No, I'm located in Prescott. There is no place around here for train accessories.
I have Atlas remote switches on turnouts and I will wire them to a power supply to switch the racks.


----------



## lilpuu (Sep 25, 2011)

Thanks for the photo. Now let's see if I know what it is. The frog is those small pieces that joins or separate the rails?


----------



## lilpuu (Sep 25, 2011)

I don't think I know what a frog really does, and when I would use them.


----------



## lilpuu (Sep 25, 2011)

Full of questions.... If my trains run at slow speeds would that be a good indication that my electrical connections are good enough to move forward? That is the most important part on building a layout wouldn't you say? I'm picking up a DCC train and Tsunami sound system


----------



## Big Ed (Jun 16, 2009)

lilpuu said:


> I don't think I know what a frog really does, and when I would use them.

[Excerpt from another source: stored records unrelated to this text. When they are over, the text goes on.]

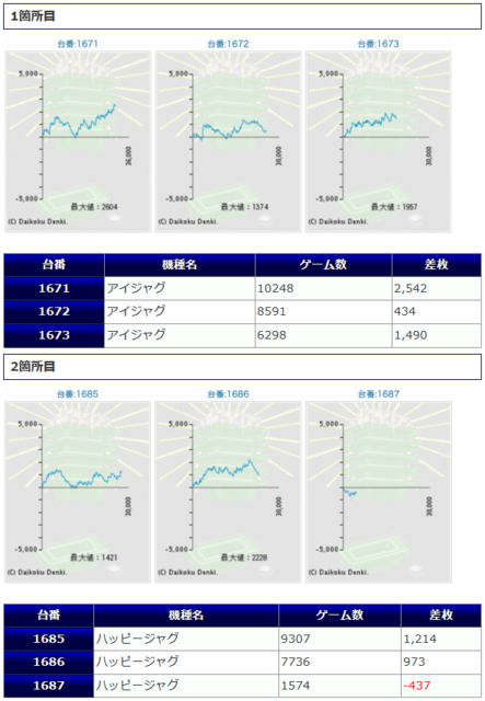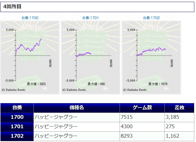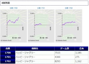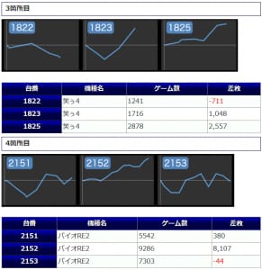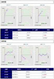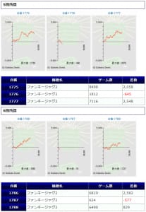 先述した出玉を多く獲得できた2台はしっかり粘られていますので、手応えを感じられていた事が見て取れますし、内容の良さが見て取れるような右肩上がりのスランプグラフになっていますね。
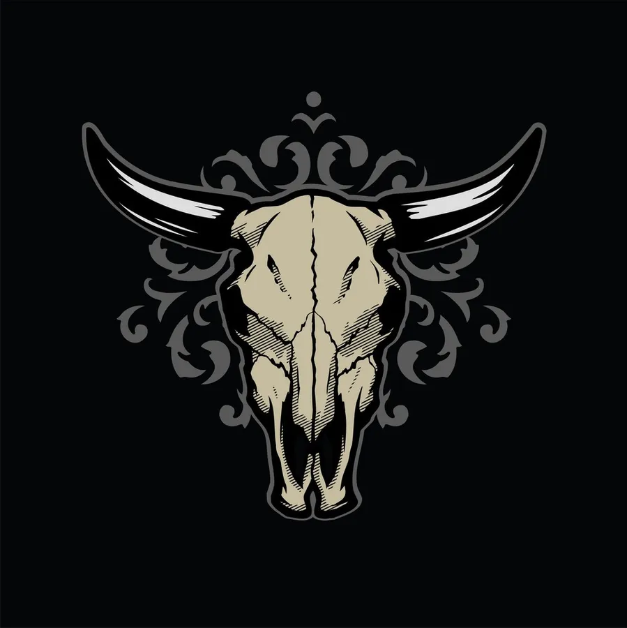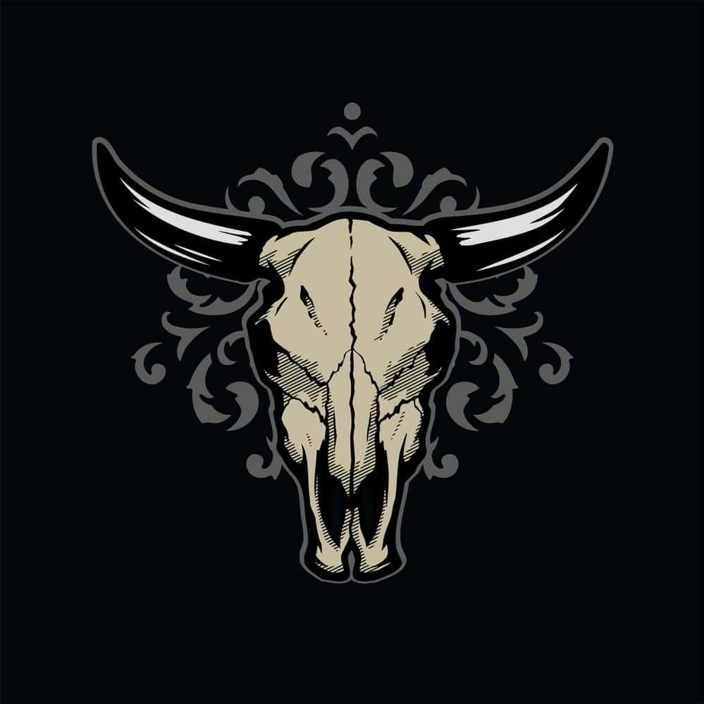 A Bull Skull With Horns On A Black Background Wallpaper
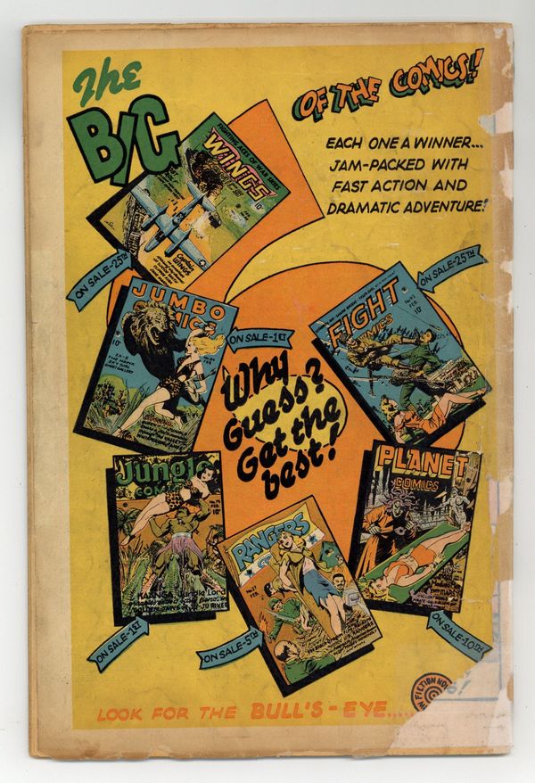 Ends Dec 22 8:54 PM CST Bid History 3 bids Current Bid $26 Your Secret Max Bid If you'd like to bid, please log in or register. Stories and art by Otto Binder, Jack Sparling, and Al Carreno. Fawcett's showcase for comics covers the humor, Western, adventure and superhero genres, featuring Captain Marvel Jr., Bulletman and Bulletgirl. Captain Marvel, Jr. meets the Upside Downies, who walk on their hands and eat with their feet. "International policeman" Radar battles a rival "international police" organization in the African nation of Liberia. A luggage mix-up puts the Terrible Tiara in the bag of Nyoka, the Jungle Girl, but gangsters want it too. Radar: The World Gauleiters; Nyoka, the Jungle Girl: The Adventure of the Terrible Tiara; Bulletman: The Animal Secret; Sam the Sheriff; Hoodoo Hannigan, Ch. 31; Captain Marvel, Jr.: The Upside Downies. 32 pages, Full Color. Cover price $0.10.
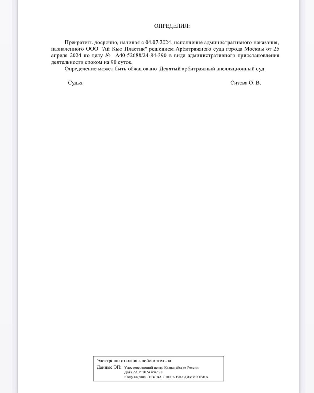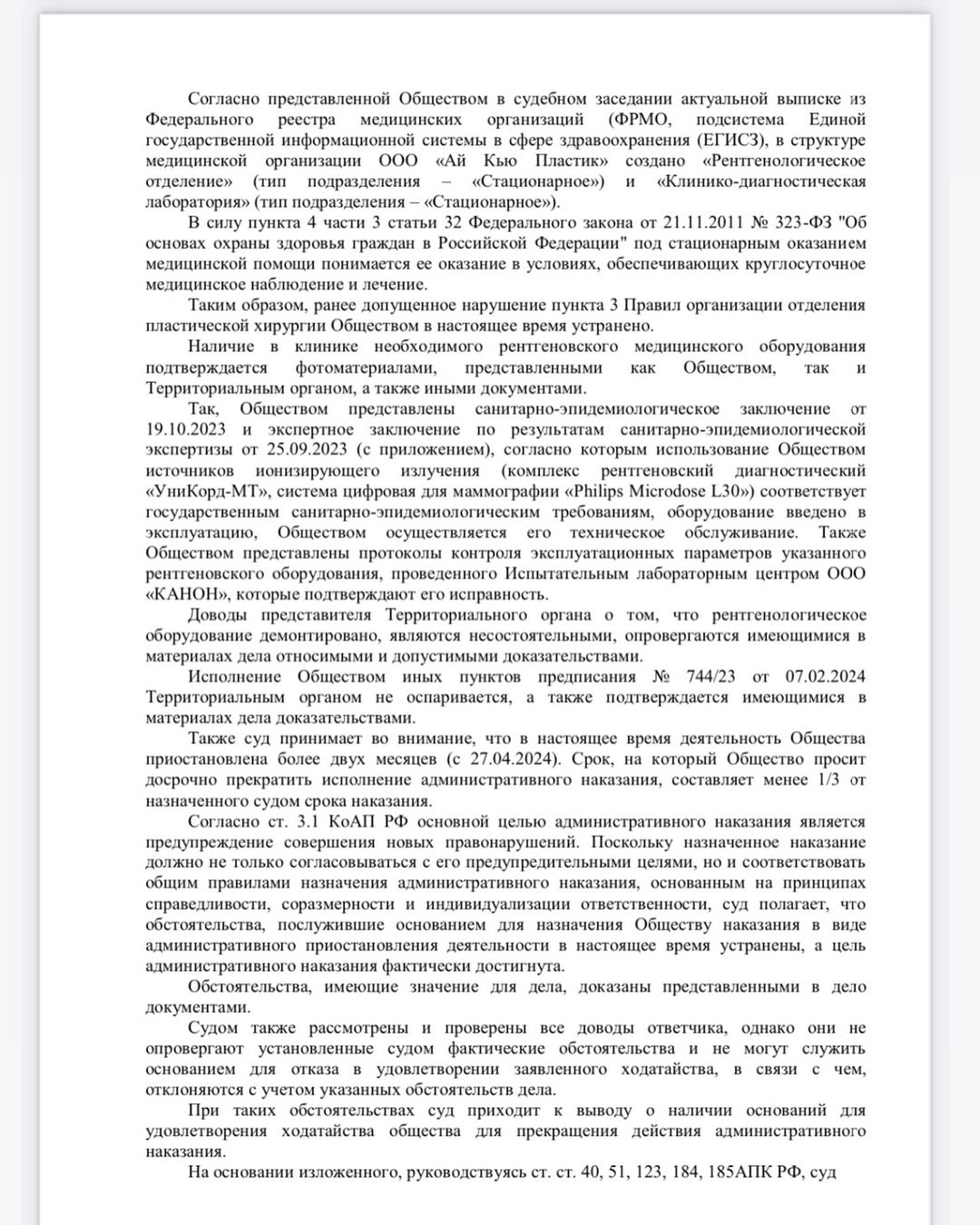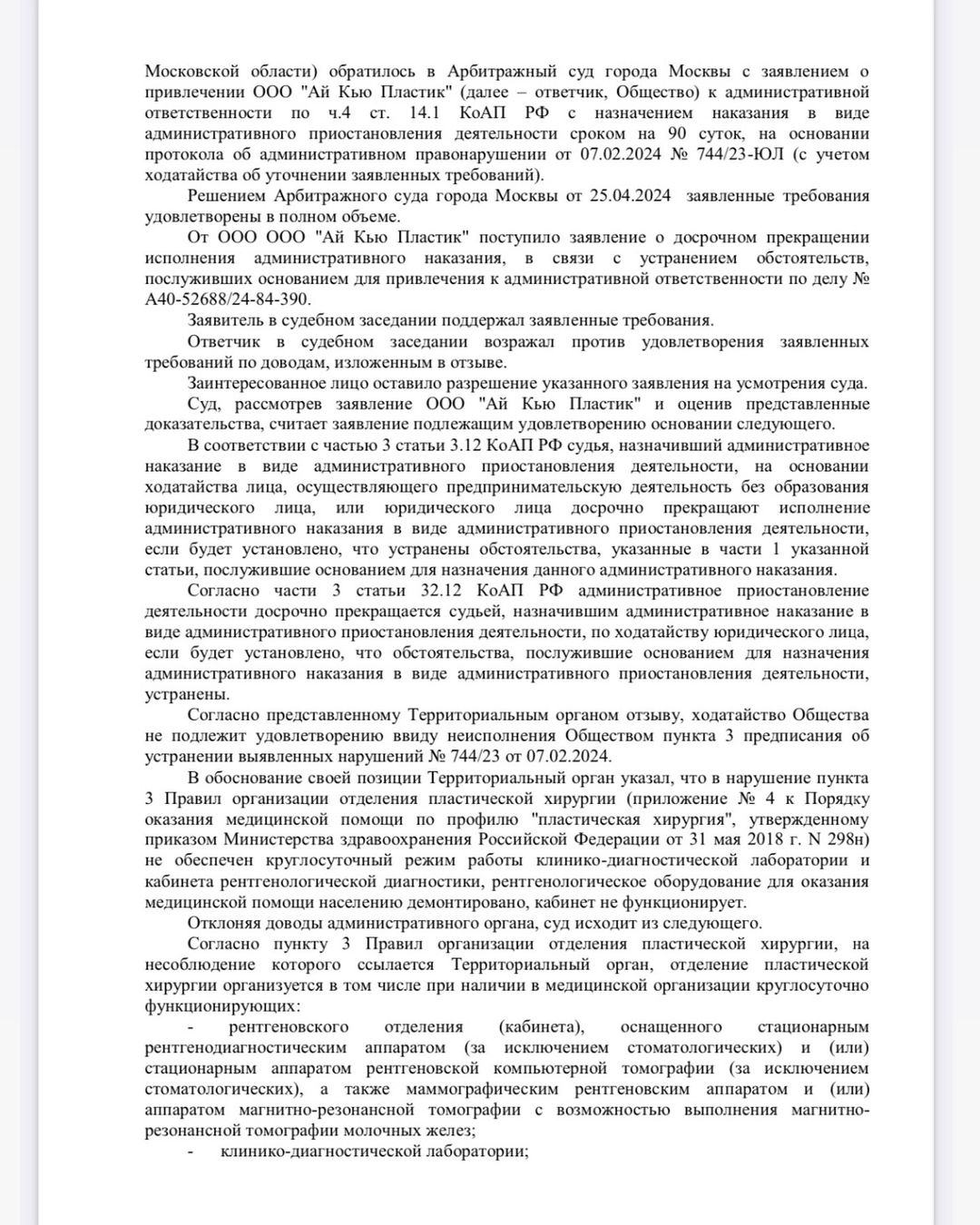 После множества проверок по решению Арбитражного суда Москвы клиника IQ Plastique вновь продолжит свою деятельность. Светлана прикрепила к посту все документы, подтверждающие завершение дела.
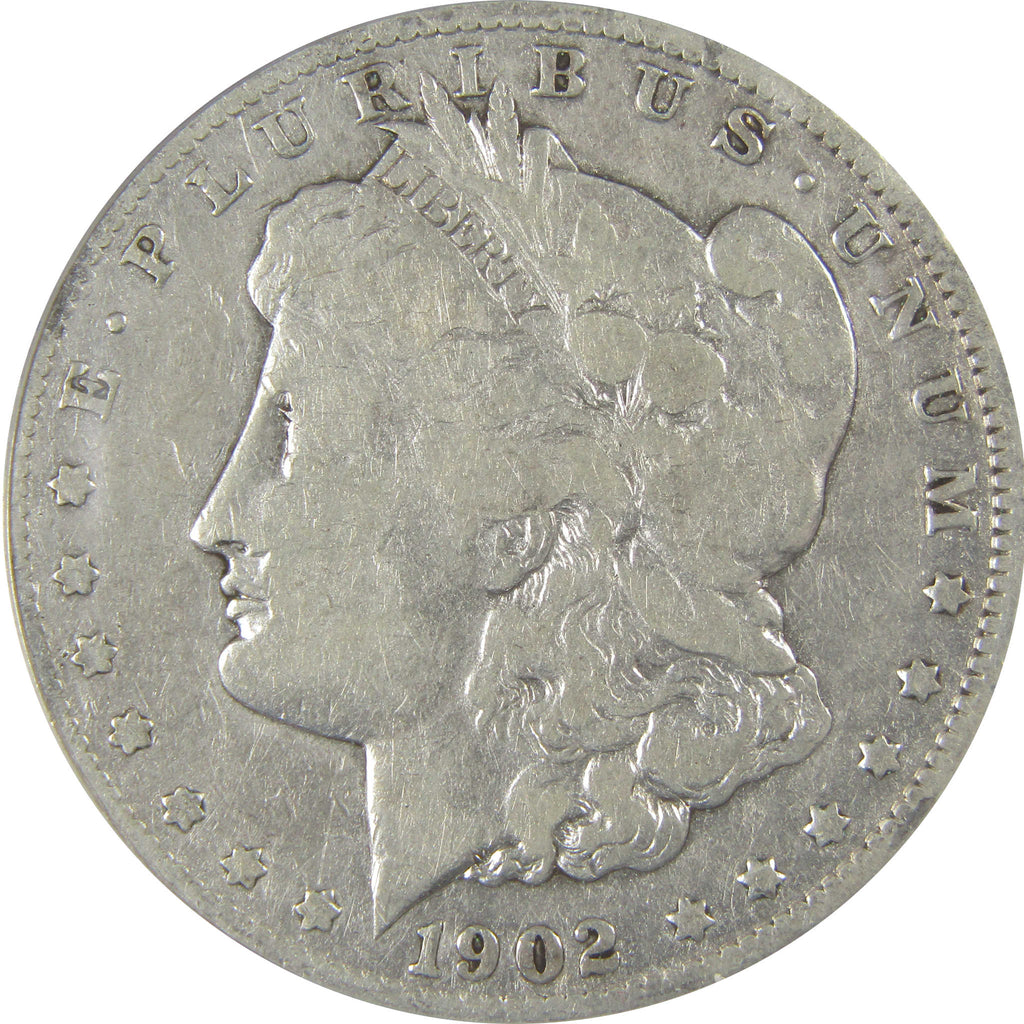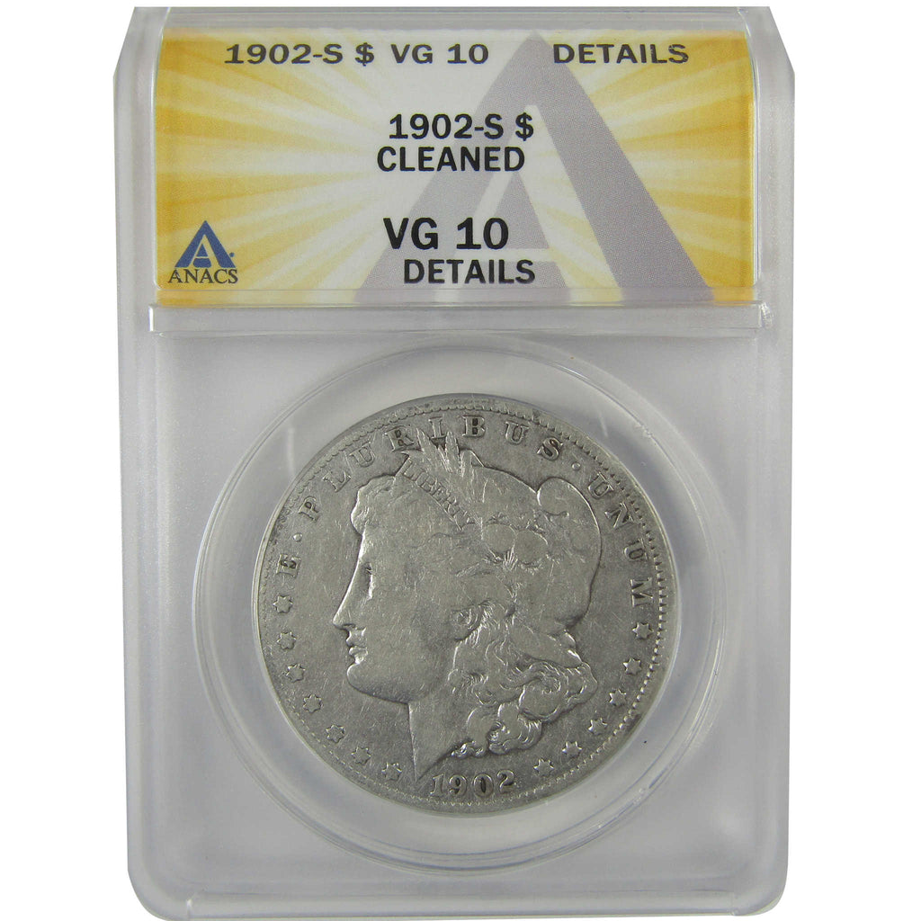 A genuine 1902 S Morgan Silver Dollar Coin, graded and certified VG 10 Details by ANACS. Contains 90% Silver. Cleaned
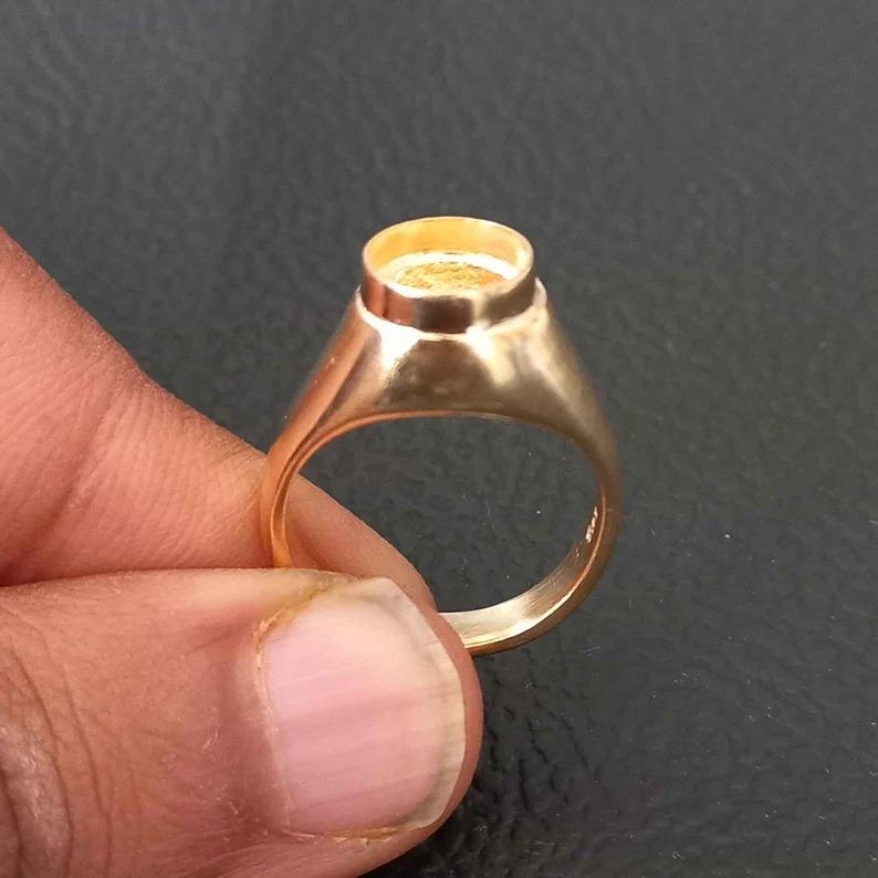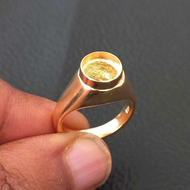 925 Sterling Silver 8mm Collet Ring Bezel 14K Gold Plated Men's Jewelry Finding Component DIY Jewelry Making Supplies
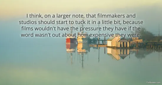 "I think, on a larger note, that filmmakers and studios should start to tuck it in a little bit, because films wouldn't have the pressure they have if the word wasn't out about how expensive they were." FixQuotes, 15 Jan. 2026, https://fixquotes.com/quotes/i-think-on-a-larger-note-that-filmmakers-and-151500/. Accessed 21 Feb. 2026.
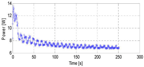 Power consumption during Bosch coring bit test performed on Szydłowiec sandstone A—soft sample with motor’s power supply voltage 24 V and weight on bit (WOB) 105.75 N.
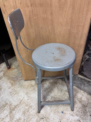 vintage industrial shop stool, typically made of steel and often featuring a distressed, gray painted finish, a round seat, and a sturdy metal backrest.
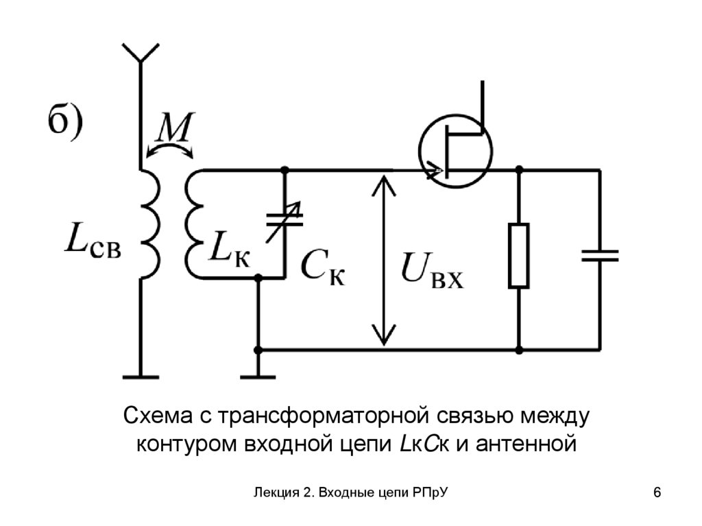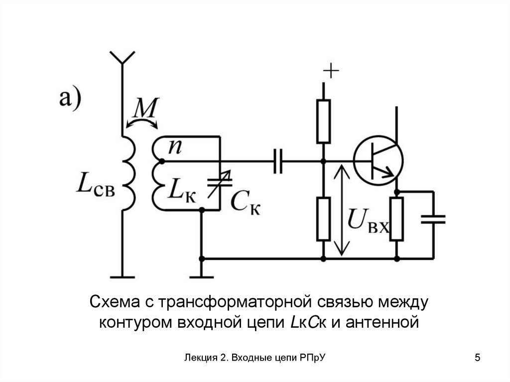 Схема с трансформаторной связью междуконтуром входной цепи LкCк и антенной
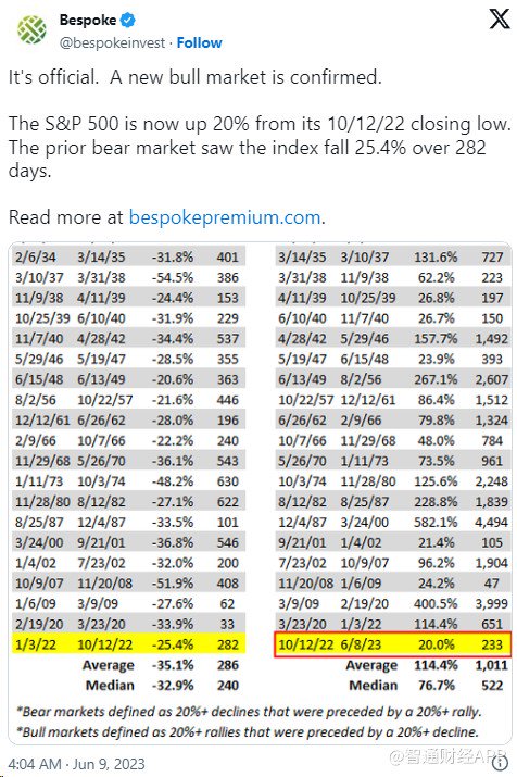 Bespoke的数据显示,熊市平均持续286个日历日,约为9.5个月。另一方面,在过去94年里,典型的牛市持续了1,011个日历日,大约是熊市平均时间的3.5倍。事实上,在Bespoke研究的27次牛市中,有13次的持续时间比最长的熊市还要长。

The frog is in the center of the switch in the picture.
http://en.wikipedia.org/wiki/Railroad_switch


Edit, scroll down in the link to the frog paragraph.


----------



## NIMT (Jan 6, 2011)

Problem 1 "Life Like engine". Poor power pickup ability and poor quality.
Amount of electrical pick up wheels effects which engines like which tracks.
Your probably only feeding power to the rails from one point?
When you do DCC that is not a good option, you need to feed power to the rails at several points, I use 3 feet as an average.
Code 100 is the tallier size rails and code 83 is shorter..if you want to connect the two together, they sell special transition rail joiner to get that done.
Easiest way to attach the cork or foam roadbed and track to the layout is to use Latex caulking. Quick simple and easy clean up! Bonus if you need to remove track or roadbed, putty knife will remove it all super easy and still leave it reusable!
We are former AZ'ers, we've been up here in Idaho for about 2 1/2 years, A lot cooler up here and a whole lot less people to deal with!


----------



## gunrunnerjohn (Nov 10, 2010)

NIMT said:


> A lot cooler up here and a whole lot less people to deal with!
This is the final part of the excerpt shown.